Net1 Acquires Remaining Shares in Masterpayment and Finalizes Earn-out Purchase ConsiderationJohannesburg, June 17, 2016 – Net 1 UEPS Technologies, Inc. (“Net1” or the “Company”) (NasdaqGS: UEPS; JSE: NT1) today announced that it exercised its option to acquire the remaining 40% of Masterpayment AG (“Masterpayment”), a specialist payment services processor based in Munich, Germany, and finalized the earn-out purchase consideration related to the transaction concluded in April 2016. Net1 now owns 100% of Masterpayment, having acquired 60% of Masterpayment in April 2016.

“We believe there is an opportunity to accelerate the wider implementation of Masterpayment’s business model across carefully selected markets,” said Serge Belamant, Chairman and CEO of Net1.
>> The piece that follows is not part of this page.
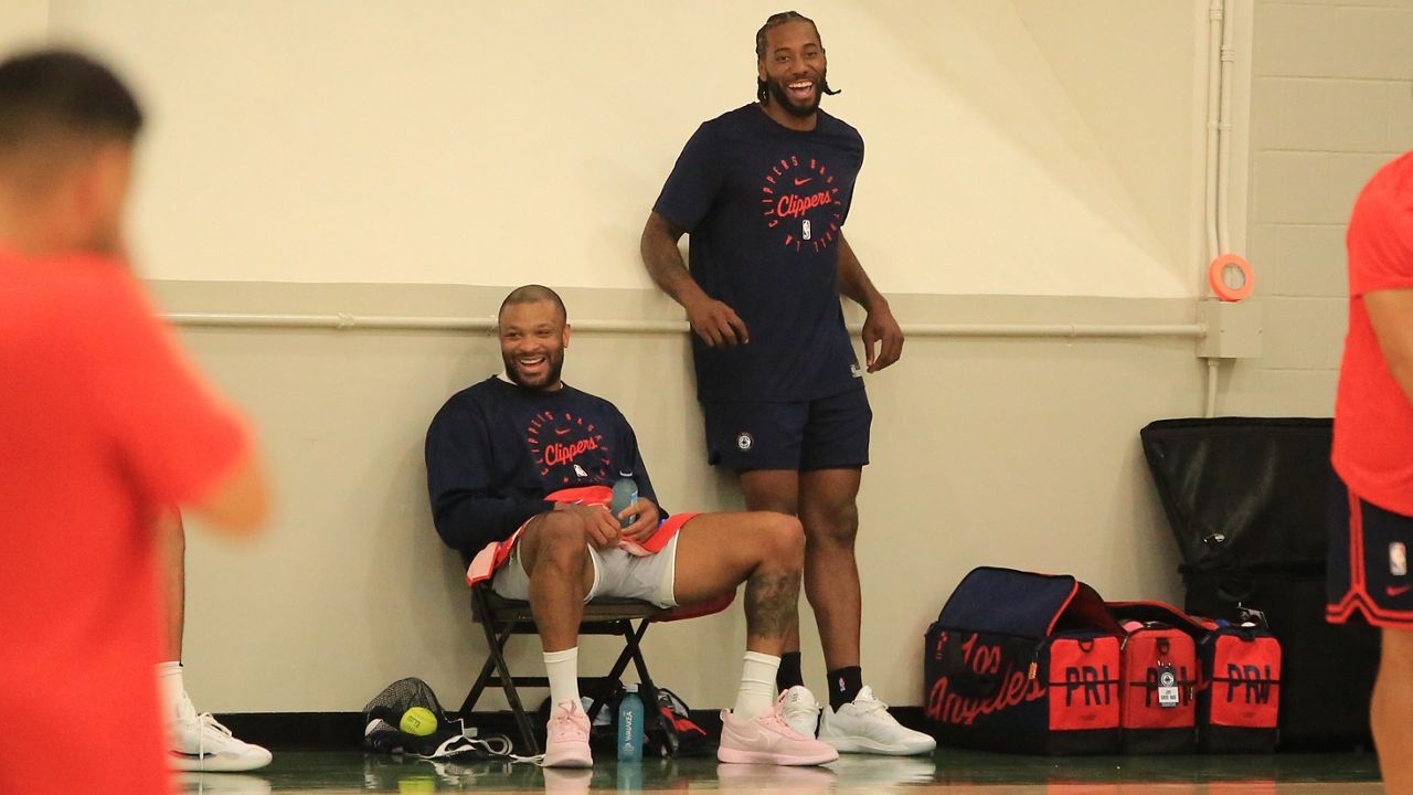 Clippers forwards Kawhi Leonard (leaning) and P.J. Tucker (sitting) shared a laugh. (Spectrum News/Brian McInnis)

“We therefore decided to acquire the remaining 40% shareholding to ensure that the Masterpayment management team can be completely focused on the implementation of this strategy. As part of this transaction, Masterpayment’s executive management have committed to five year employment agreements, including variable compensation aligned with the delivery of our strategic plan. We have committed to provide Masterpayment with the additional working capital required to drive the considerable expansion of their business activities over the next eighteen months, and we expect these initiatives to contribute meaningfully to our operating results during the 2018 fiscal year,” he concluded.

About Net1 (

Net1 is a leading provider of alternative payment systems that leverage its Universal Electronic Payment System (“UEPS”) or utilize its proprietary mobile technologies. The Company operates market-leading payment processors in South Africa and the Republic of Korea. Through Transact24, Net1 offers debit, credit and prepaid processing and issuing services for Visa, MasterCard and China UnionPay in China and other territories across Asia-Pacific, Europe and Africa, and the United States. Through Masterpayment, Net1 provides payment processing and enables working capital financing in Europe.
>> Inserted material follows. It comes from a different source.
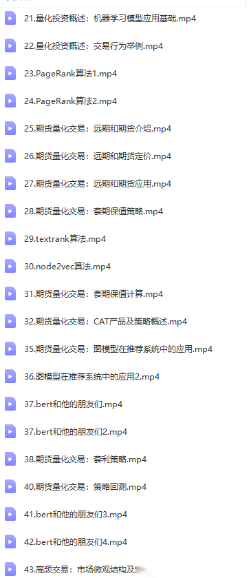 | ├──35.期货量化交易:图模型在推荐系统中的应用.mp4 355.05M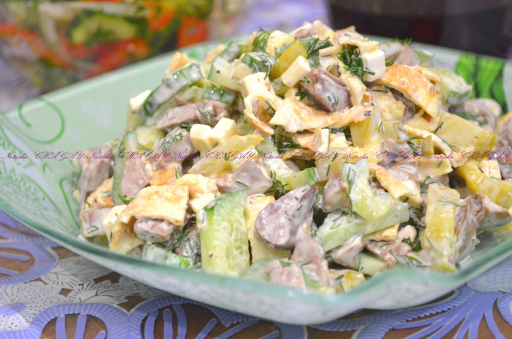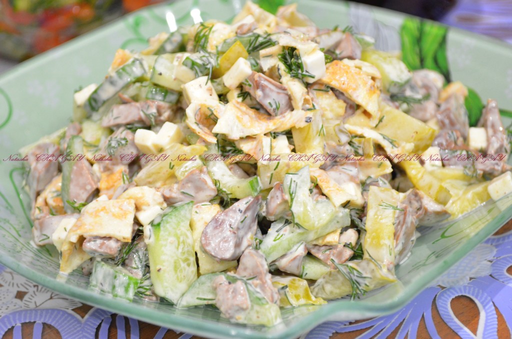 На праздник приготовила вкусный и сытный салат из куриной печени, яичных блинчиков, сыра, свежего и маринованного огурцов. Салат понравился и мне, и моим близким. При желании в это блюдо можно добавить только маринованные или только свежие огурчики. Любителям печени обязательно придётся по вкусу этот замечательный салат!

UEPS permits the Company to facilitate biometrically secure, real-time electronic transaction processing to unbanked and under-banked populations of developing economies around the world in an online or offline environment. Net1’s UEPS/EMV solution is interoperable with global EMV standards that seamlessly enable access to all the UEPS functionality in a traditional EMV environment. In addition to payments, UEPS can be used for banking, healthcare management, payroll, remittances, voting and identification.

Net1’s mobile technologies include its proprietary mobile payments solution – MVC, which offers secure mobile-based payments, as well as mobile banking and prepaid value-added services in developed and emerging countries. The Company intends to deploy its varied mobile solutions through its ZAZOO business unit, which is an aggregation of innovative technology companies and is based in the United Kingdom.

Net1 has a primary listing on the NASDAQ and a secondary listing on the Johannesburg Stock Exchange.

About Masterpayment (

Masterpayment was founded in Germany in 2010 and has subsidiaries in Germany, the UK and Liechtenstein. Masterpayment combines the technical abilities of a payment service provider with the commercial leeway of a credit card acquirer and the financing possibilities of a regulated fully licensed bank through its banking partner, Bank Frick.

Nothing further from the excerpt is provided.